Of course, even if we boil this down to Intel vs AMD CPUs (which isn't the sole revenue of either company), we're still talking about a wide-ranging product stack from low end $100 CPUs to $5000+ CPUs. So the minutia within specific slices of those stacks may swing one way or the other depending on user needs.

And so nobody accuses me of fanboy-ism, I'm planning on upgrading my personal gaming PC later this year. I'll probably end up with an AMD Ryzen CPU.
As the hardware decision maker in a small corporate data center I can tell you first hand that Epyc is VERY good. The ability to have 32 cores on a single VMware license is huge. We could have gone with the Intel CPUs but for the same cost would have only gotten 20c/40t CPUs and 768GB RAM instead of 32c/64t & 1TB RAM. We are 100% virtualizied so the added resources at the same cost are a bonus. The stability of the systems is rock solid. I haven't had a single minute of downtime due to system stability. The only "crash" we had was because an SSD with ESXi on it went bad.

From a pure performance perspective the current Intel is slower, fewer cores, and hotter than the AMD equivalent. Ice Lake is now shipping at the end of this year rather than Q3. https://www.anandtech.com/show/1592...alder-lake-in-h2-21-ice-lakesp-late-this-year Now instead of having Ice Lake against Zen 2 for a few months, it will be Ice Lake against Zen 3. Odds are Intel will still be at a performance disadvantage and while catching up on RAM, still be lower on I/O 160 max lanes vs 128 lanes.

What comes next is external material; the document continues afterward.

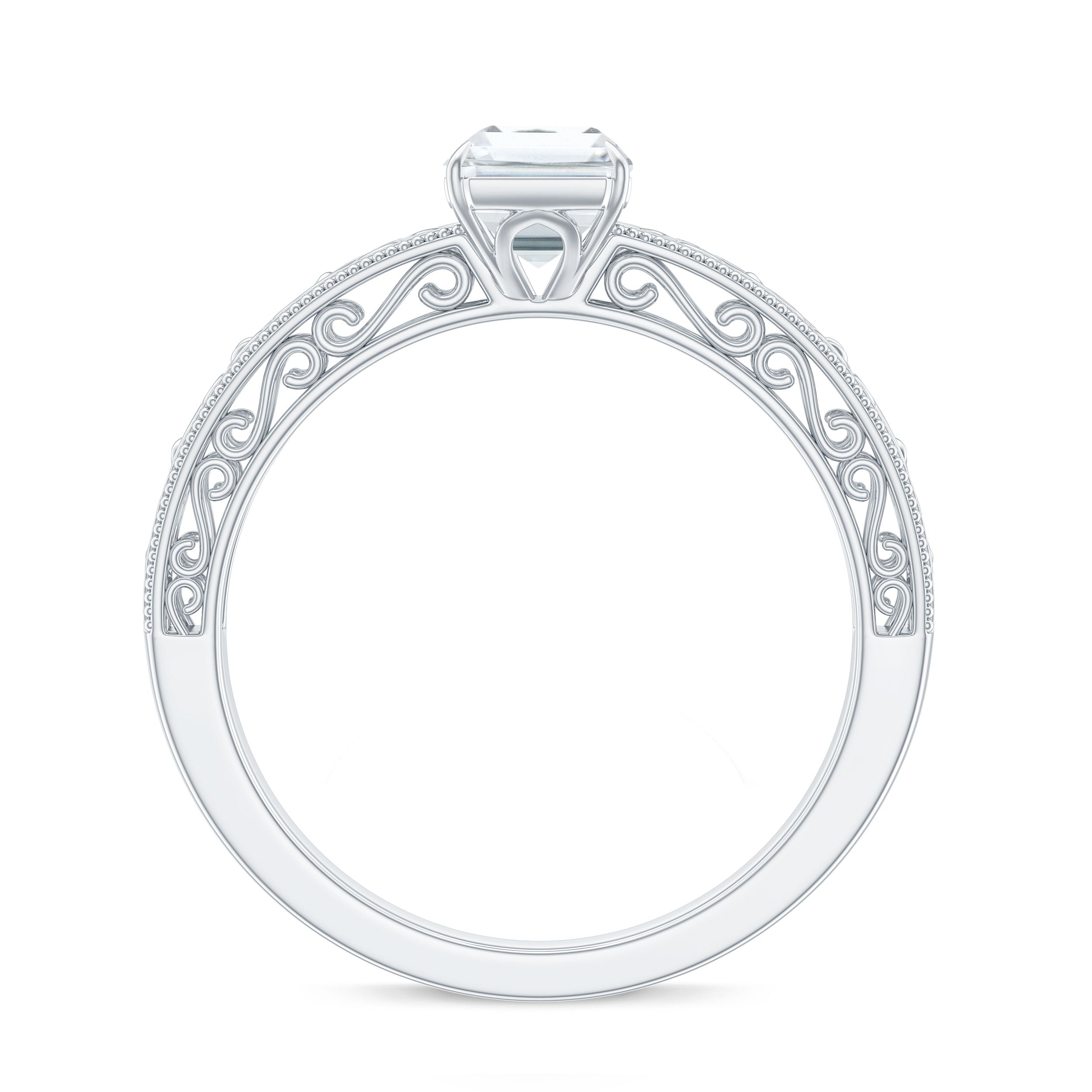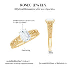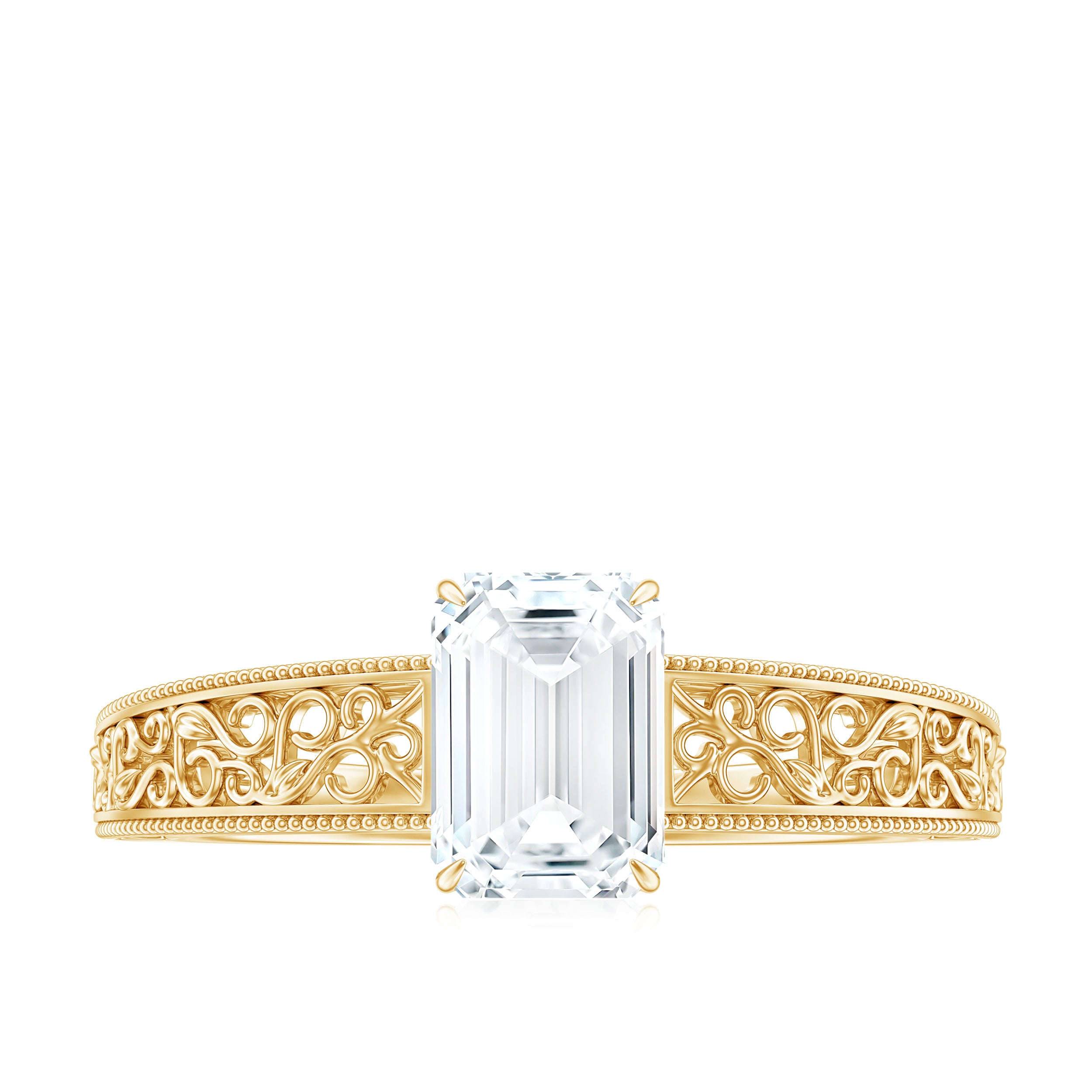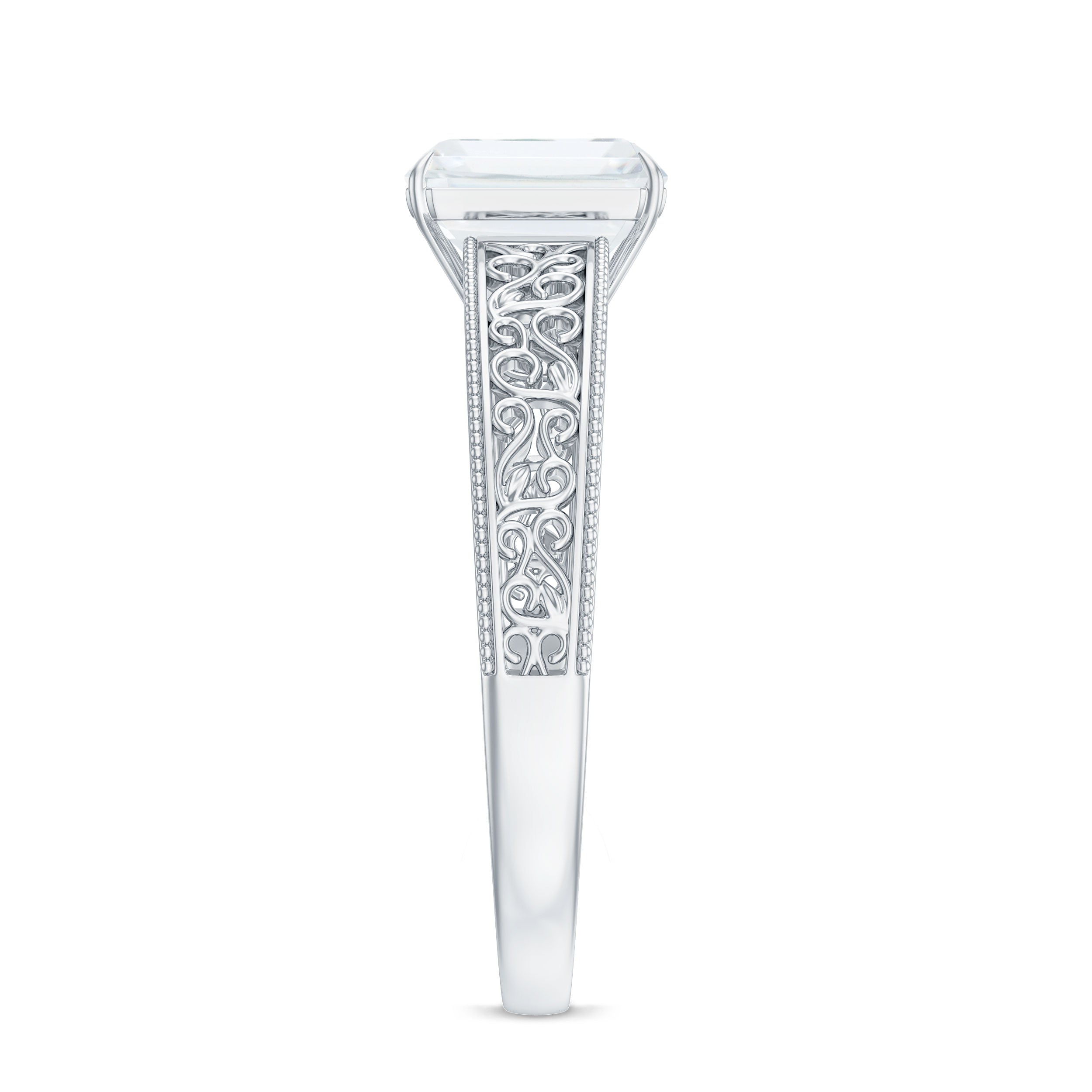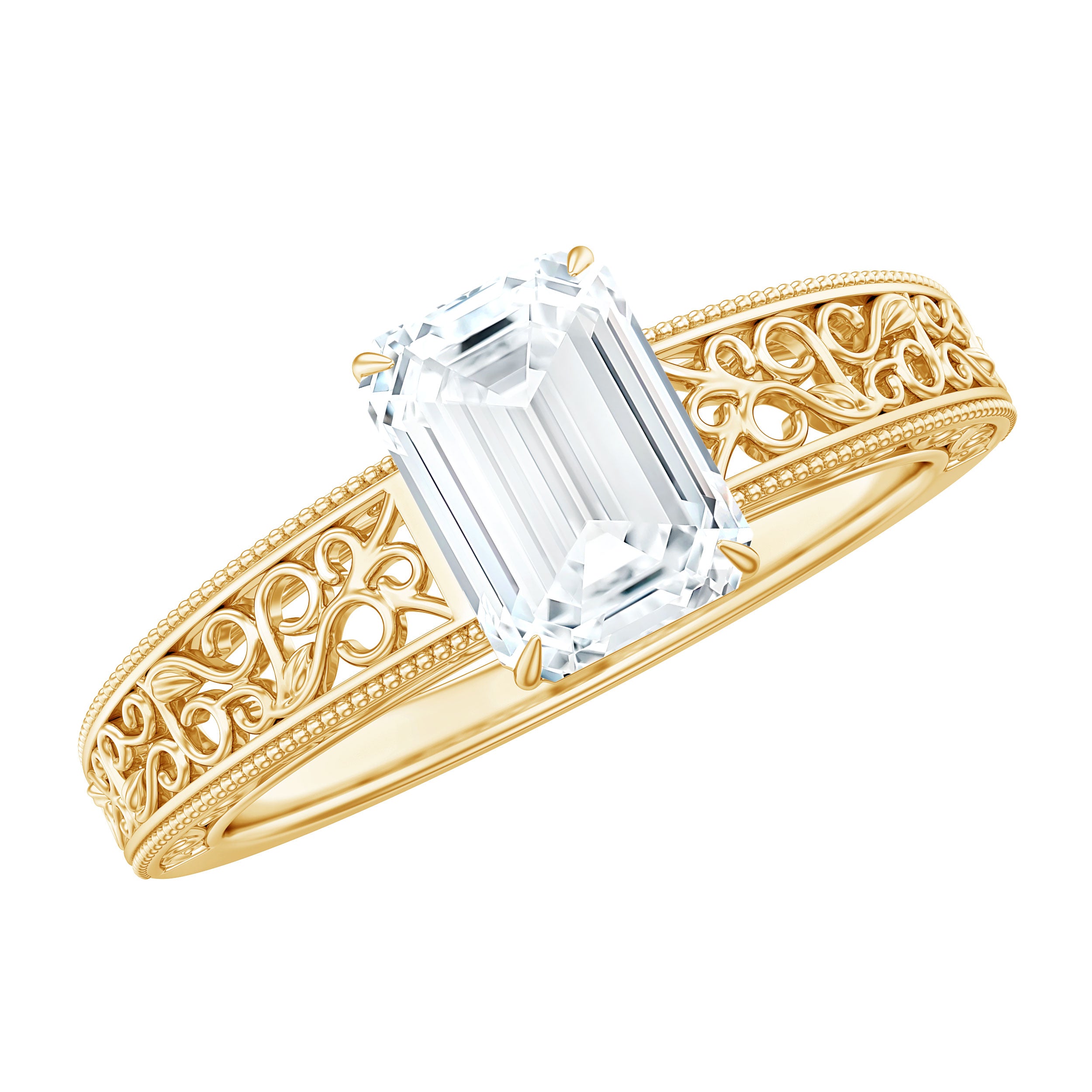 Turn heads with this exquisite Emerald Cut Moissanite Ring – where timeless elegance meets captivating brilliance. Celebrate your forever with this 6X8 MM emerald cut moissanite solitaire engagement ring, showcasing a remarkable 1.87 carat total weight with D color and VS1 clarity quality. Designed for women who appreciate sophisticated detail, this filigree engagement ring is adorned with intricate vintage-style scrollwork and beaded milgrain embellishments that echo the charm of antique jewelry engagement ring. The clarity and sparkle of the certified moissanite ring radiate luxury and finesse, set securely in a classic claw setting for maximum brilliance and security. Whether youre drawn to emerald cut antique engagement ring or looking for a blend of tradition and refinement, this piece is an emblem of lasting love. The polished craftsmanship delivers unmatched quality, making this moissanite engagement ring an ideal symbol of your most meaningful promise. Embracing the allure of vintage inspired engagement ring, this design combines heritage appeal with modern sophistication. Perfectly crafted for engagement proposals, this emerald cut solitaire ring symbolizes a new chapter of everlasting love. A proud addition to any collection of womens moissanite rings, it stands out among moissanite diamond ring as a true testament to enduring beauty and personal style. Rosec Jewels assures you to get peoples heads turned with our sparkling jewelry pieces which are authentically certified just for your peace of mind.

I have built 2 different Ryzen desktops and they haven't had an issue with stability at all. The initial stability problems with X370 have been fixed for years. In terms of laptops the company I work for has purchased a good 10 Ryzen laptops and they are all working just fine. The quality of said products has been fine as well. The biggest problem there are the OEMs who decide what type of laptops the chips are used.
 
Intel’s stock has now fallen to $50.59 while AMD’s shot to $69.40. So AMD’s shares are now worth $18.81 more than Intel’s! Absolutely unbelievable.